The integrity of the high-voltage diode in the regulator is critical. Its breakdown voltage is rated at no less than 600 V (reverse voltage), to provide ample headroom above the nominal 460 V DC levels it will encounter in the circuit. The purpose of the manufacturing test is to ensure that the diode withstands the momentary voltage and inrush current conditions that occur as the system is switched on. During powerup, heavy currents flow through the diode as the power supply capacitors charge. If the diode failed, the capacitors, and possibly the logic circuitry, would receive damaging voltages.

Figure 2 shows the waveform across the diode during the in-rush cycle. The negative going spike is caused by the massive startup load of the capacitor's charging current.

LIV curves
Figure 1. Simplified diagram of Robicon cell architecture.
LIV curves
Figure 2. Typical in-rush waveform.

The P5100's attenuation (100X) keeps the waveform amplitude well within the graticule limits. Note that once the probe type is selected from the scope's menu, it scales its readings accordingly. Thus the scope's 1 V/Div setting becomes 100 V/Div. The cursors also recognize the scaling.The typical manufacturing test sets the cursors at the limits of the specification (the TDS 220 stores such setups for instant recall).
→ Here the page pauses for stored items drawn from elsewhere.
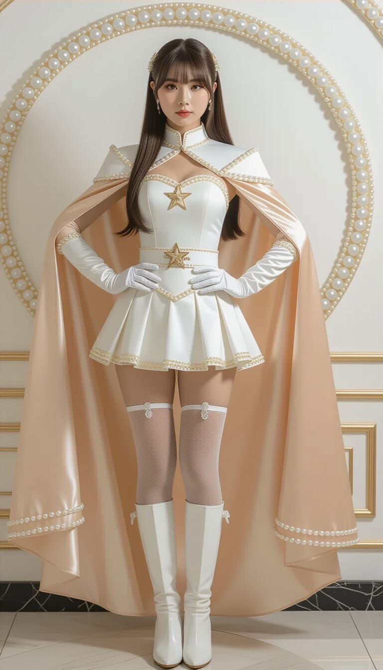 This image shows a Chinese college student transformed into a superheroine. She wears a pearl-covered, high-tech suit with a pearl milk tea-colored cape, rendered in a dynamic comic book style with bold lines and vibrant colors.
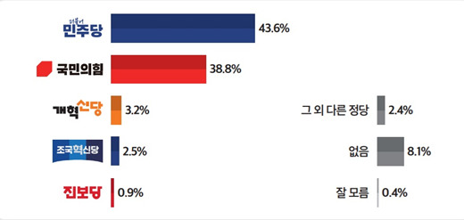 여론조사 꽃 정당지지도 민주48.3%, 내공범당38.5%/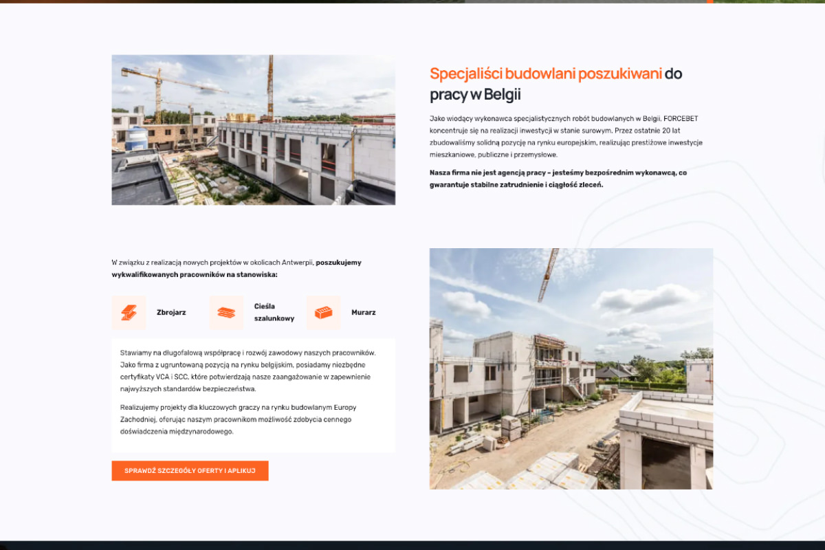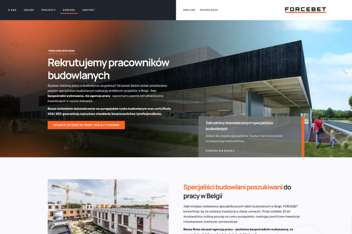 Dzięki naszej współpracy Forcebet Sp. z o.o. zyskał nowoczesne narzędzie komunikacji z potencjalnymi pracownikami, które w pełni oddaje wartości firmy i jej pozycję na rynku budowlanym.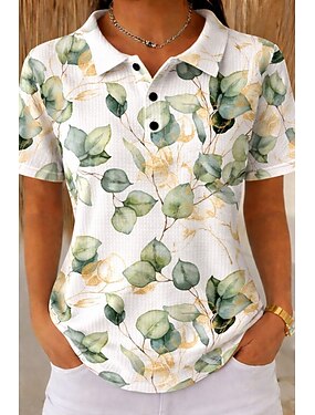 Mujer Camisa Estampado Floral Elegante Moderno Manga Corta Cuello Camisero Tops regulares Diario Festivos Azul Piscina Blanco Gris Verano
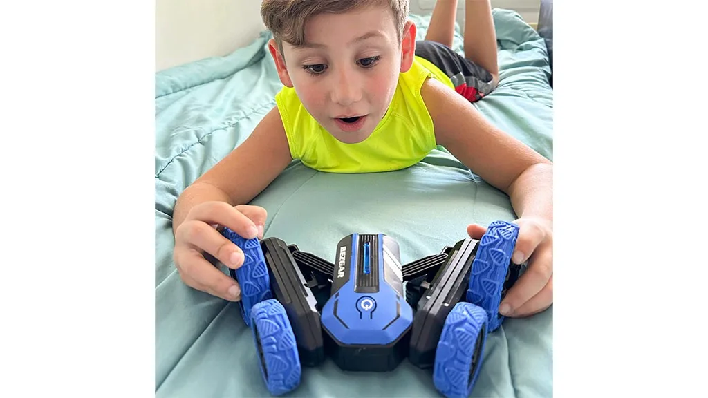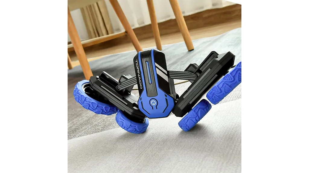RC Stunt Car, které je určeno pro děti od 6 let a starší, je navrženo pro akci. Kola vozidla jsou velká, takže může jezdit i když je obrácené vzhůru nohama. Navíc má speciální zadní nápravu, která roztáhne kola, což je ideální pro otáčení. Na dálkovém ovladači je také další tlačítko, které aktivuje režim Tornádo, kde se RC Stunt Car otáčí na předních kolech, zatímco zadní kola jsou ve vzduchu. K dispozici jsou tři různé rychlosti otáčení pro různé úrovně epické zábavy.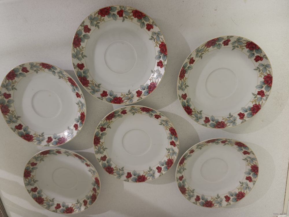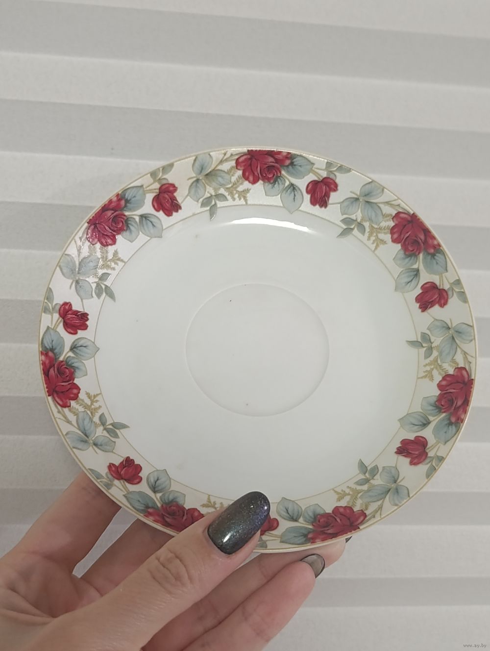 Очень красивые десертные тарелки с изображением красных роз с лепестками.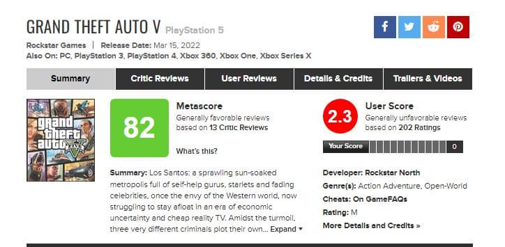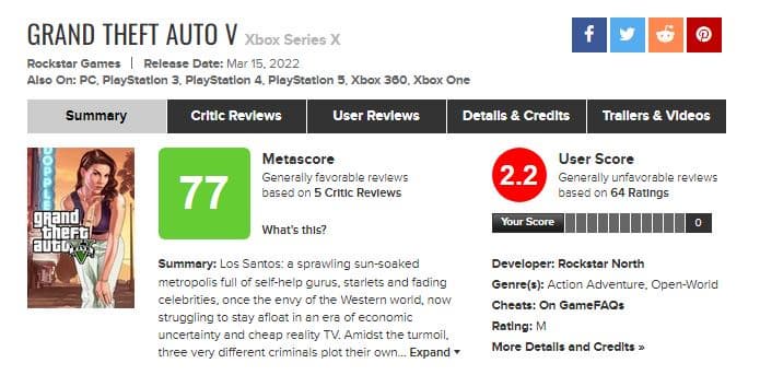 Рядовые обыватели в очередной раз не поняли причин хвалебных отзывов прессы в адрес обновленной версии Grand Theft Auto 5, ставшей доступной на консолях PlayStation 5 и Xbox Series X|S. Пользовательский рейтинг игры на Xbox сейчас составляет всего 2.2 балла, а на PlayStation — 2.3 балла.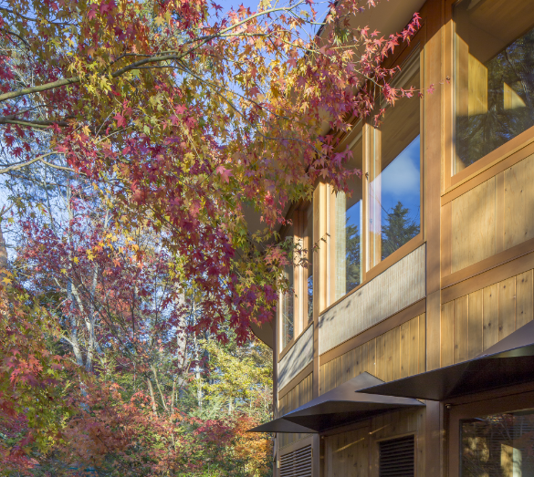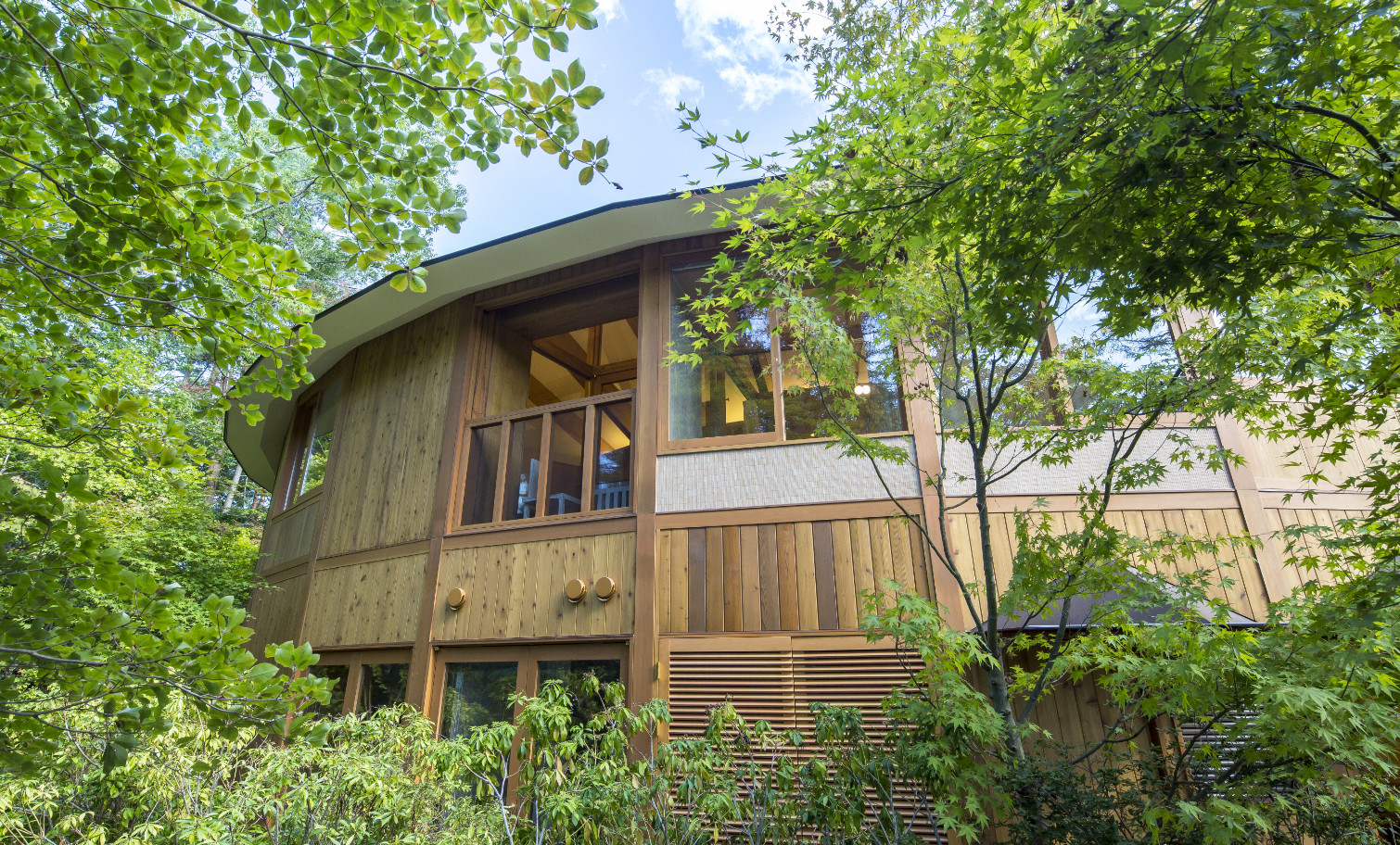 ししいわハウスの第1軒目は、日本人建築家として名高く、プリツカー賞受賞者の坂 茂氏が設計しました。軽井沢の自然の樹々に沿うように、有機的に設計された杉の木造建築は波のようにうねる曲線形状が特徴です。ジクソーパズルを想起させる木造2階建ての建築は、木造パネル工法を採用。革新的な「PHPパネル」(蜂の巣状のハニカム構造紙材を合板で挟み込んだパネル)を取り入れた「Aフレーム」37個の構造フレームを工場で作成し、現場で組み立て施工しました。

The UUT passes the test if the waveform falls between the cursors. If quantified readings are required, the operator can line up the cursors with the waveform peaks and take a "Delta" reading of the measured voltage between the cursors. The result appears to the right of the waveform window.

A Few Words About Floating Measurements

Many power circuits do not provide an appropriate earth ground point for the passive probe ground lead. For example, when the circuit discussed above is installed into a system such as Robicon's Perfect Harmony motor drives, the cathode of the diode is connected to a common point that is not an earth ground. Its potential may be hundreds or even thousands of volts. This is known as a "floating" circuit, and line powered scopes with passive single ended probes offer no safe means of measuring the voltage across the diode in this situation.

There are two safe solutions for this problem. Line powered scopes can be fitted with an isolating differential probe such as the Tektronix P5200 High-Voltage Differential Probe. Neither lead is fixed at earth ground. The probe measures the difference voltage across the two terminals,ignoring the offset voltage common to both.

The second choice is a fully isolated, battery powered scope such as the hand held Tektronix THS 720P. Again, neither probe lead is fixed at earth ground, and the instrument itself is not connected to ground.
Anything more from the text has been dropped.